• _RECORD EXCERPTS_:
· · · · ·

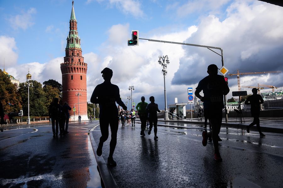 Des participants lors du Marathon de Moscou, en Russie, le 22 septembre 2019. (Xinhua/Maxim Chernavsky)
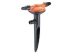 Claber Spray-Jet 8663 -sadetin voidaan liittää letkuun ja työntää maahan haluttuun asentoon ympyränmuotoisen alueen kastelemiseksi.
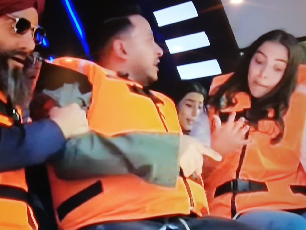 وبعد اكتشاف المقلب عاتب كريم عفيفي رامز جلال، قائلا: أنا أصلا بخاف من الملاهي يا رامز، ومراتي بتتحايل علي علشان نروح.
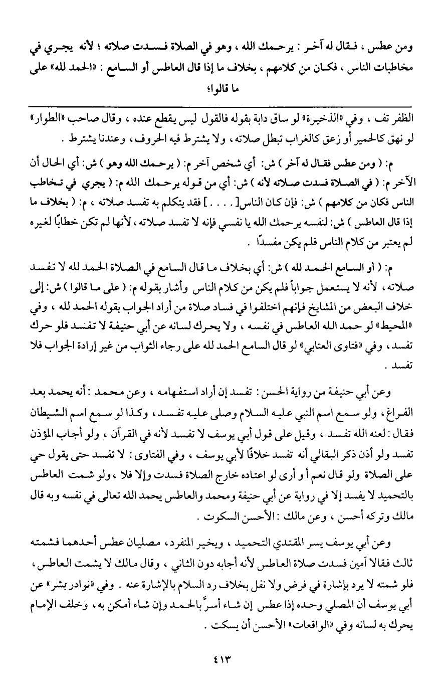 ومن عطس، فقال له آخر: يرحمك الله، وهو في الصلاة فسدت صلاته؛ لأنه يجري في مخاطبات الناس، فكان من كلامهم، بخلاف ما إذا قال العاطس أو السامع: " الحمد لله " على ما قالوا؛
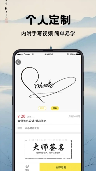 每个定制服务都会明确标注出图时间,完成后系统将自动推送签名图片;用户也能通过视频查看签名的完整书写流程。此外,软件会自动保存定制记录,方便随时查阅历史设计及消费明细。感兴趣的话,不妨下载体验这款艺术签名设计大师,打造属于你的独特签名吧!
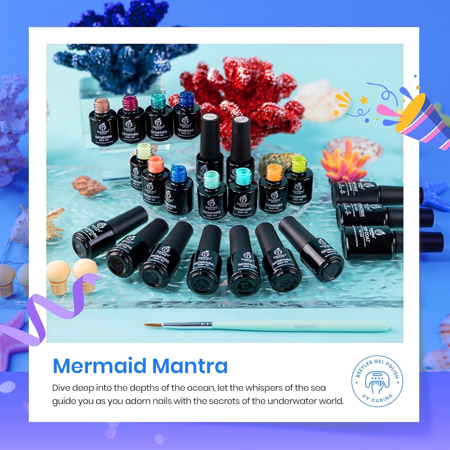 - What You Get: Beetles mermaid nail color trends 2025, 20pcs Mini Gel Polish Colors (5ml/0.17fl.oz each bottle) + 3pcs No Wipe Base and Glossy and Matte Top Coat (7.5ml/0.25fl.oz each bottle). Mermaid Mantra is a full range of every shade for oceanic themes. It is a good choice for gift for girls women! Color Numbers are: c015-e600-e601-e602-e603-e642-850-851-852-854-855-856-858-860-862-863-864-865-866-867.
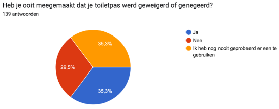 Van de stomadragers die een toiletpas hebben, meldt ruim een derde (35,3%) dat de toiletpas weleens wordt geweigerd. Bijna een derde (29,5%) heeft nog geen toiletpas gebruikt, terwijl ook ruim een derde (35,3%) aangeeft nog niet tegen een weigering aangelopen te zijn.
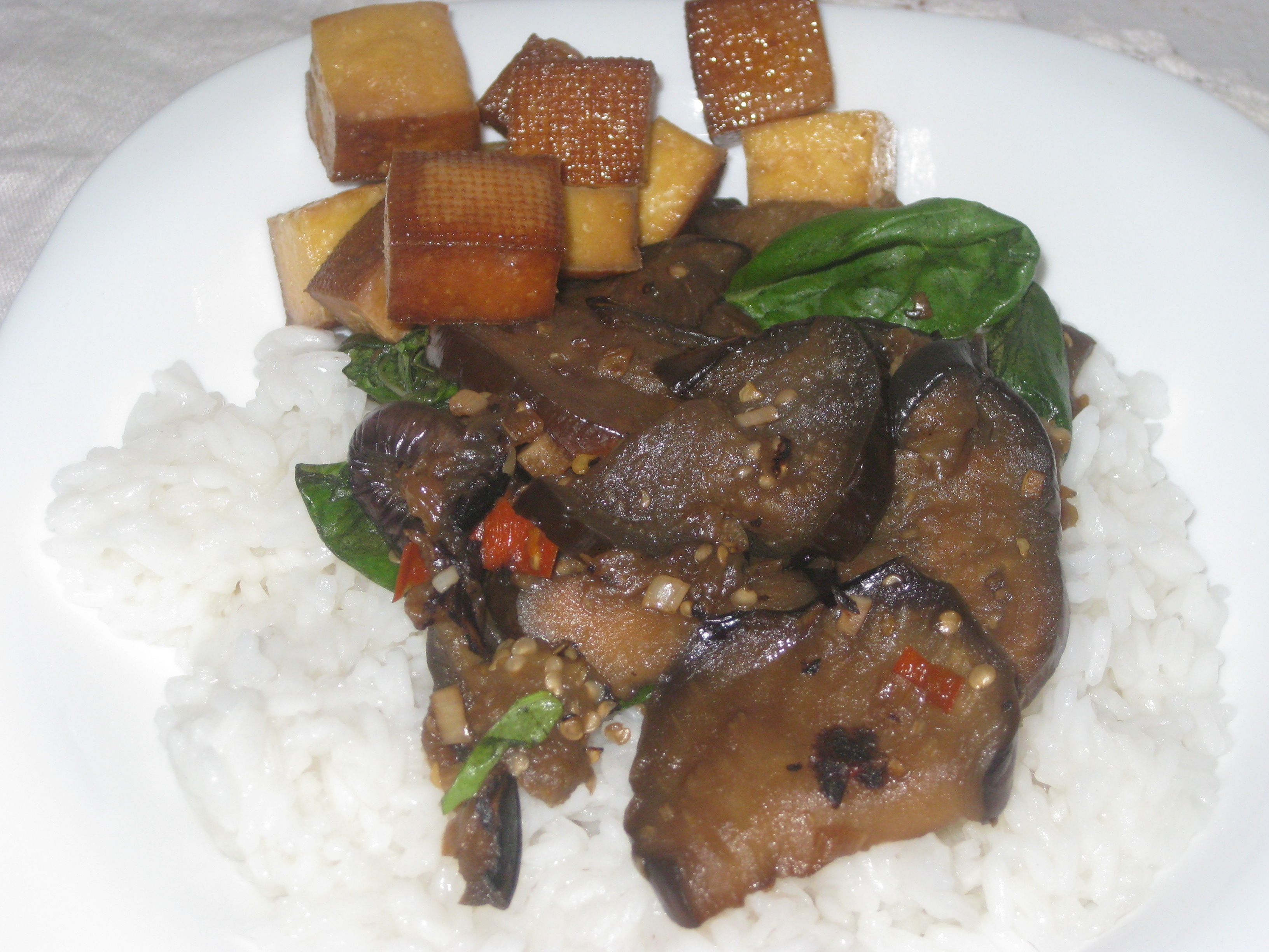 I really enjoyed the pad ka prao. According to the author, European basil leaves won’t cut it with this recipe, but I found it delicious anyway despite my insufficiently exotic herbs. The aubergine was tender and delicious, and certainly had a kick to it! I served it with some baked smoked tofu, so I was ready to fend off any “But where do you get your protein?” questions.

· · · · ·

• _INSTRUCTIONS TO FOLLOW_:
Pictures are to be omitted from the copy, and only the lines from the one containing "每个定制服务都会明确标注出图" through the final line of the listing above are to be written out exactly.

• _WORKED SOLUTION_:
 每个定制服务都会明确标注出图时间,完成后系统将自动推送签名图片;用户也能通过视频查看签名的完整书写流程。此外,软件会自动保存定制记录,方便随时查阅历史设计及消费明细。感兴趣的话,不妨下载体验这款艺术签名设计大师,打造属于你的独特签名吧!
 - What You Get: Beetles mermaid nail color trends 2025, 20pcs Mini Gel Polish Colors (5ml/0.17fl.oz each bottle) + 3pcs No Wipe Base and Glossy and Matte Top Coat (7.5ml/0.25fl.oz each bottle). Mermaid Mantra is a full range of every shade for oceanic themes. It is a good choice for gift for girls women! Color Numbers are: c015-e600-e601-e602-e603-e642-850-851-852-854-855-856-858-860-862-863-864-865-866-867.
 Van de stomadragers die een toiletpas hebben, meldt ruim een derde (35,3%) dat de toiletpas weleens wordt geweigerd. Bijna een derde (29,5%) heeft nog geen toiletpas gebruikt, terwijl ook ruim een derde (35,3%) aangeeft nog niet tegen een weigering aangelopen te zijn.
 I really enjoyed the pad ka prao. According to the author, European basil leaves won’t cut it with this recipe, but I found it delicious anyway despite my insufficiently exotic herbs. The aubergine was tender and delicious, and certainly had a kick to it! I served it with some baked smoked tofu, so I was ready to fend off any “But where do you get your protein?” questions.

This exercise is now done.